Cinekambiya International Film Festival (CIFF) is an annual film festival held in The Gambia. The festival was founded by Prince Bubacarr Aminata Sankanu in 2015 and has since had three editions. It is supported by German cultural organisation FilmInitiativ Köln.

History 
Cinekambiya International Film Festival was founded in 2015 as a festival for films made in indigenous languages not always considered in more mainstream festivals in the West. As many African filmmakers cannot afford to visit festivals on other continents, CIFF was designed to provide an alternative for them to expose their works to domestic and international audiences. The festival is organised by Sanxaari, the production company of Prince Bubacarr Aminata Sankanu.

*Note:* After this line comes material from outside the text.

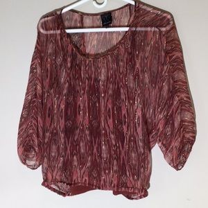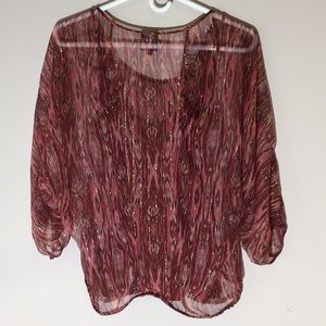 NWOT Ella Moss Too. Scheer flowing top three-quarter sleeve silk top with built-in tank top With adjustable straps. Can be worn with jeans or dress pants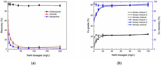 Based on the single mineral flotation results, synthetic mixtures flotation tests were carried out to validate the selective depression effect of NaAl at pH 9. The results obtained are shown in Figure 5b. For the binary mixture 1, the Cu grade gained a significant improvement after the addition of NaAl. For the binary mixture 2, the addition of NaAl improved Cu recovery. The binary mixture flotation results confirmed that NaAl had an excellent selectivity of depression. In the ternary mixture system, significant improvements in both Cu recovery and grade were observed. Without adding NaAl, the Cu grade was only 22%; whereas a concentrate with a Cu grade of 31% could be achieved when the dosages of NaAl increased to 40 mg/L. Similarly, as the dosages of NaAl increased to 40 mg/L from 0 mg/L, the Cu recovery increased to 91% from 62%. The ternary mixture flotation results indicated that NaAl simultaneously depressed chlorite and serpentine. According to Figure 5b, with a further increase on the dosage of NaAl (up to 120 mg/L), no further improvement on flotation was observed as the maximum Cu recovery and grade were already reached, indicating that that 40 mg/L would be sufficient for the flotation separation for binary and ternary mixtures.

The first edition of the festival took place from 26 December 2015 to 3 January 2016. The grand patron of this inaugural edition was Isatou Touray, and the theme was "African Cinema and Gender Valuation". It took place in the Global Hands Development Hub, Manduar, West Coast Region. Following this edition, FilmInitiativ Köln, a German cultural organisation focused on African cinema, pledged its support to future editions of the festival.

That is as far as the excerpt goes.